:: EXERCISE INSTRUCTIONS ::
With the pictures left out, restate exactly the part below that opens with the line containing "Herbstliche Tasse mit" and closes with the line containing "Over the last".

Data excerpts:
• • • • •

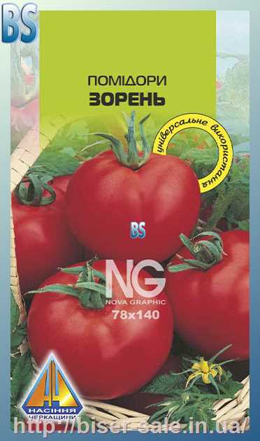 Помідори Зорень (0,3г), ранньостиглий, кущ висотою 1,5-1,7м, плоди масою 105-117г
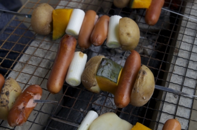 火がついたら、自分で食べたい具材を刺した串焼き
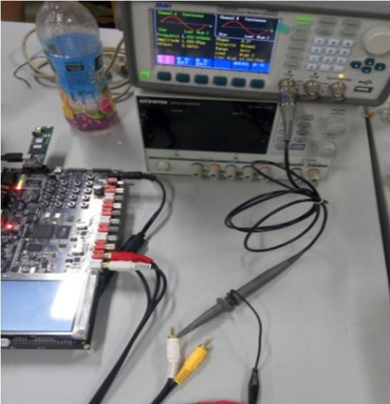 由于该课程设计能将数字信号处理所学知识点直接通过动手在示波器直观地看到信号变化的过程,对学生的实验设计、 工程开发能力能够进行非常有效的培养。 本课程的实验效果如下:
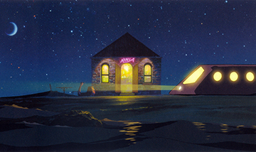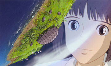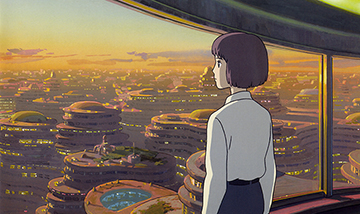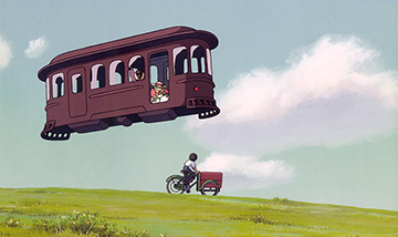 Takamatsu a donc créé tout l’univers du film en s’inspirant de ce tableau. Notamment le ciel, au niveau de ses couleurs, aux tons gris et verts, afin d’avoir un ciel peu lumineux mais ouvertement fantastique. Mais pour que ce ciel soit plaisant, il a délibérément utilisé le rose et le jaune pour les nuages.
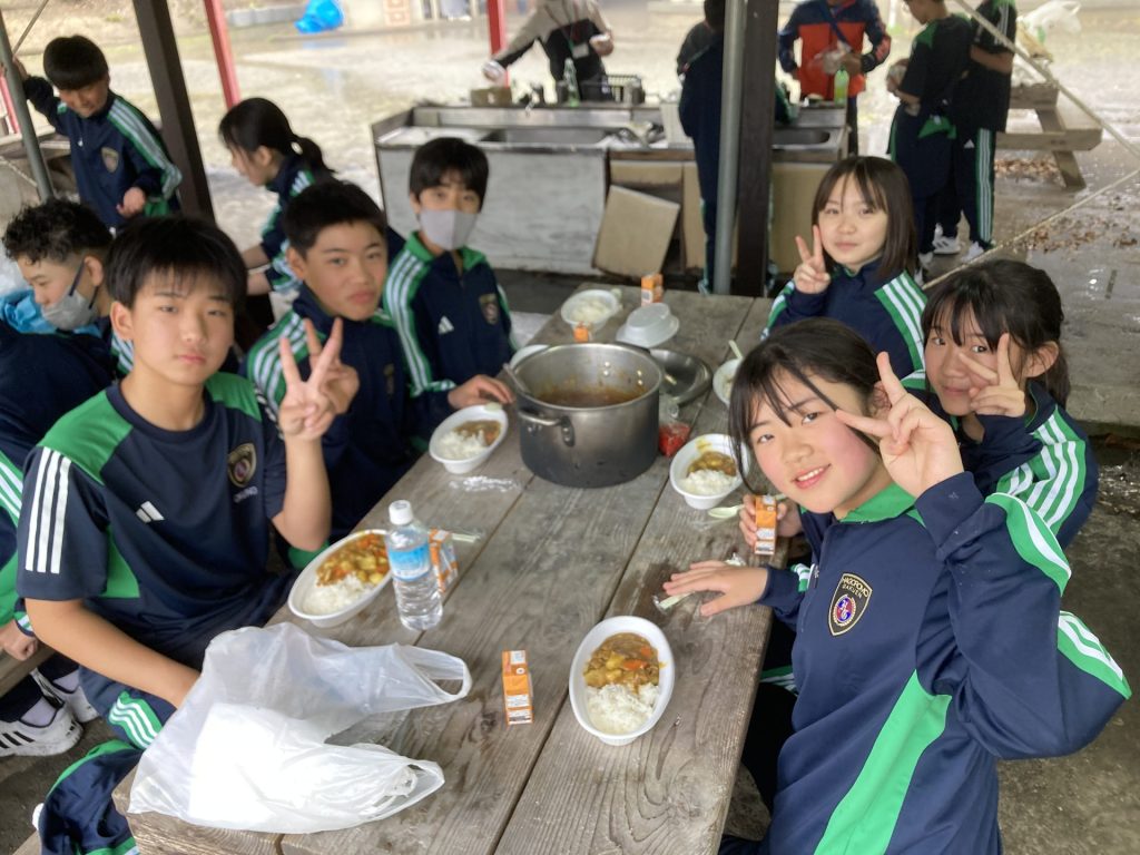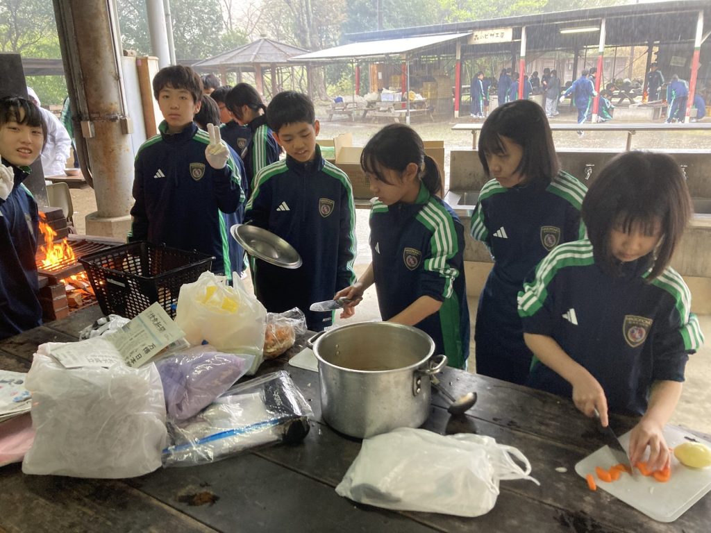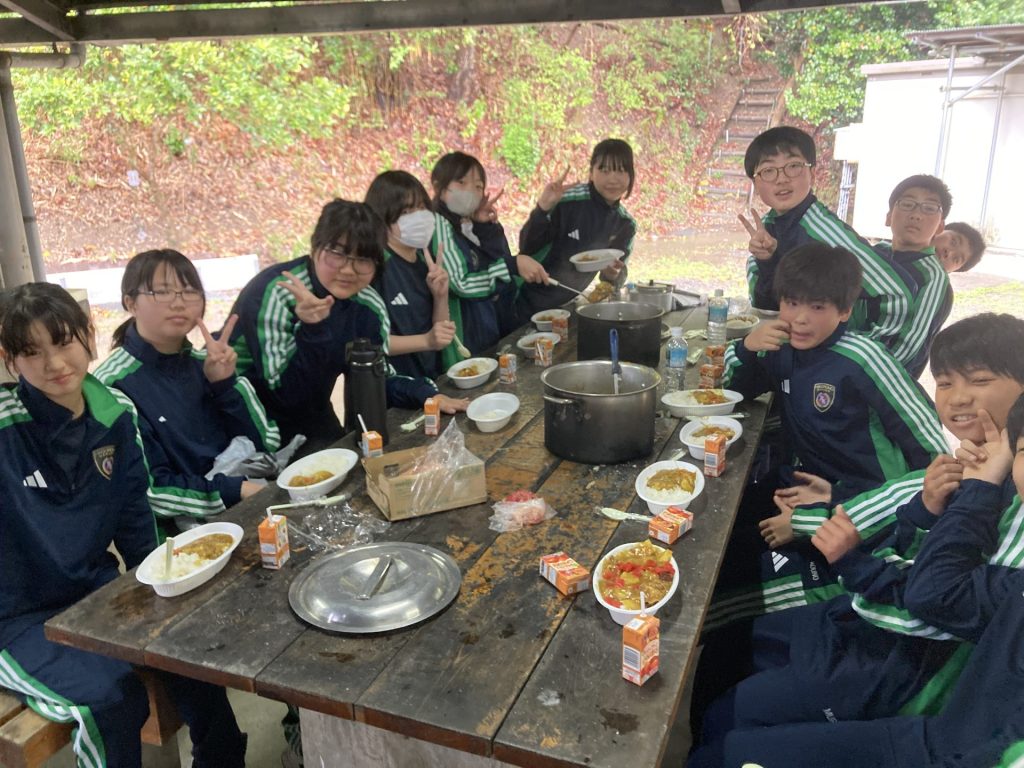 降りしきる雨の中で大変でしたが、何とかそれぞれの班が協力して美味しいカレーを作ることができました!
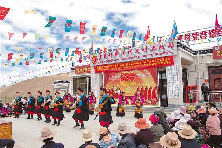 2021年7月2日,西藏自治區(qū)薩迦縣多夏村村民在新時代文明實(shí)踐站參加慶祝中國共產(chǎn)黨成立100周年和西藏和平解放70周年活動。
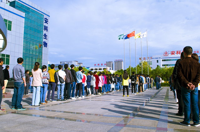 在鏗鏘有力的口令下,雄壯的國歌奏響,每周一上午八點半,在位于合肥市國家高新技術(shù)產(chǎn)業(yè)開發(fā)區(qū)的安徽安科生物工程(集團)股份有限公司南區(qū)北廣場,公司全體領(lǐng)導和員工肅然立正,昂首挺胸,向緩緩升起的五星紅旗行注目禮……
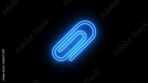 © MdSumon, Obraz premium Glowing neon blue color paperclip icon on black background.
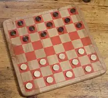 Borrowed from Russianда́мка(dámka, “the king in checkers/draughts”), possibly via Yiddishדאַמקע(damke). Semantically without doubt influenced by GermanDame(“checkers, draughts”) and equivalent names for the game in most European languages, eventually from Frenchjeu de dames.
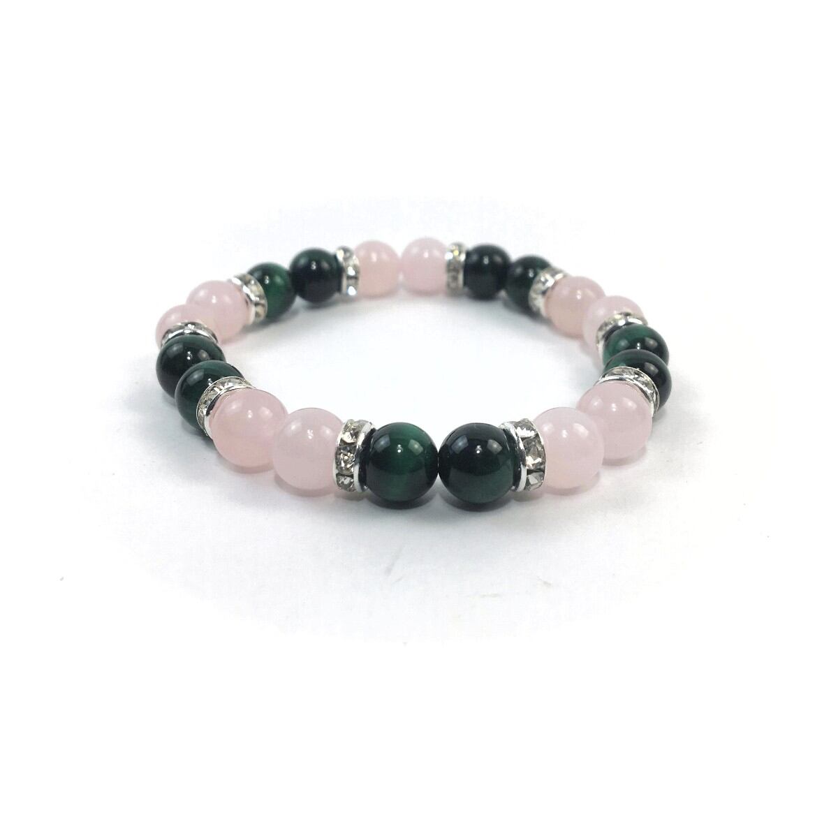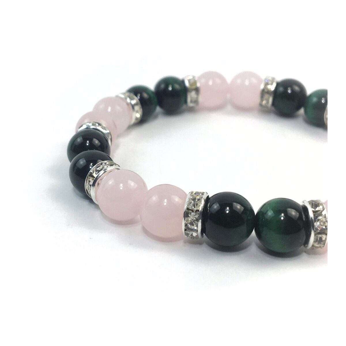 ローズクォーツ&グリーンタイガーアイ パワーストーン ブレスレット 天然石 8mm(シルバー)レディース 女性 数珠ブレス 開運 プレゼント ギフト
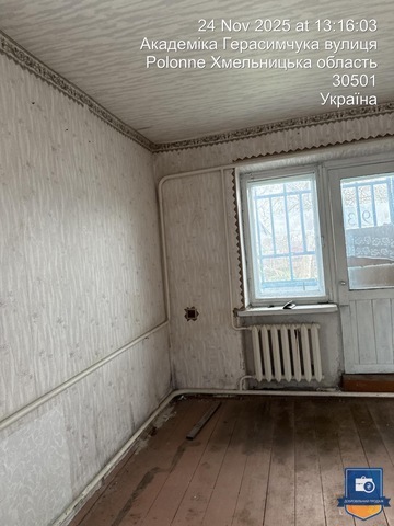Двокімнатна квартира загальною площею 47,9 кв.м, що знаходиться за адресою: Хмельницька обл., м. Полонне, вул. Герасимчука Академіка (колишня вул. Кірова), буд. 193, кв. 1.
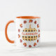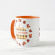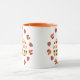 Herbstliche Tasse mit einem karierten Kürbis, umgeben von Herbstlauben mit einem Namen, der durch den Kürbis läuft. Diese Tasse kann mit Ihrem eigenen Namen personalisiert werden.
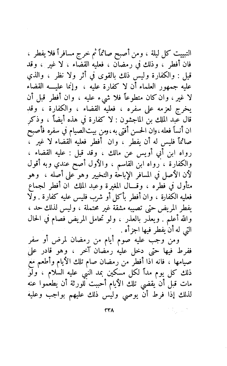 وقد قال عبد الملك بن الماجشون: لا كفارة في هذه أيضا وذكر أن أنسا فعله وان الحسن أفتى به ومن بيت الصيام في سفره فأصبح صائما فليس له أن يفطر وإن أفطر فعليه القضاء لا غير رواه ابن أبي أويس عن مالك.
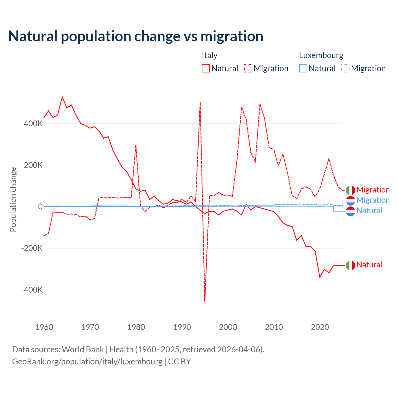 Over the last 10 years, 68.6% of the population change in Italy is from natural causes (a loss of 2,239,084 people) and 31.4% is from migration (a gain of 1,026,128 people). In Luxembourg 16.8% is from natural causes (a gain of 20,287 people) and 83.2% is from migration (a gain of 100,435 people).
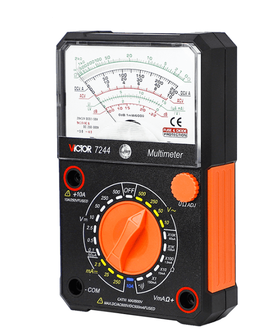مولتیمتر آنالوگ دستی مدل 7244 دستگاهی بادقت بالا است.قابلیت اندازهگیری این مولتیمتر دارای ۲۱ رنج اندازهگیری بوده و میتواند ولتاژ DC، ولتاژ AC، جریان DC، مقاومت را اندازهگیری کند و همچنین دارای عملکرد بیزر تداوم (تست اتصال کوتاه) میباشد.این مولتیمتر آنالوگ مطابق با استاندارد EN61010 و استاندارد فوقولتاژ CAT III 600V طراحی شده است.
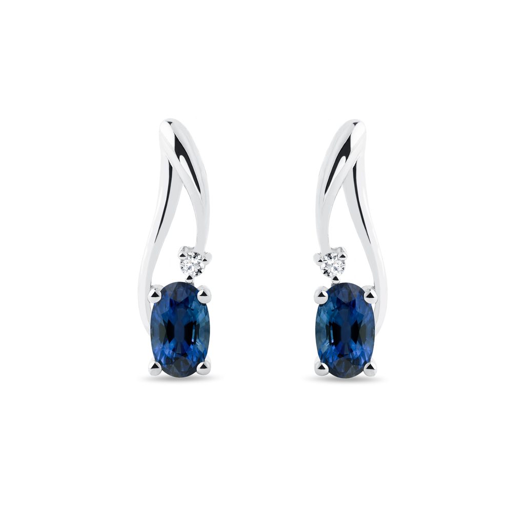 Earrings made of 14k white gold and decorated with diamonds and blue sapphires in an oval cut. A beautiful accessory for both festive events and casual wear. The comfortable, patented latch back clasp makes these earrings suitable for any occasion.

• • • • •

:: RESPONSE TO THE TASK ::
 Herbstliche Tasse mit einem karierten Kürbis, umgeben von Herbstlauben mit einem Namen, der durch den Kürbis läuft. Diese Tasse kann mit Ihrem eigenen Namen personalisiert werden.
 وقد قال عبد الملك بن الماجشون: لا كفارة في هذه أيضا وذكر أن أنسا فعله وان الحسن أفتى به ومن بيت الصيام في سفره فأصبح صائما فليس له أن يفطر وإن أفطر فعليه القضاء لا غير رواه ابن أبي أويس عن مالك.
 Over the last 10 years, 68.6% of the population change in Italy is from natural causes (a loss of 2,239,084 people) and 31.4% is from migration (a gain of 1,026,128 people). In Luxembourg 16.8% is from natural causes (a gain of 20,287 people) and 83.2% is from migration (a gain of 100,435 people).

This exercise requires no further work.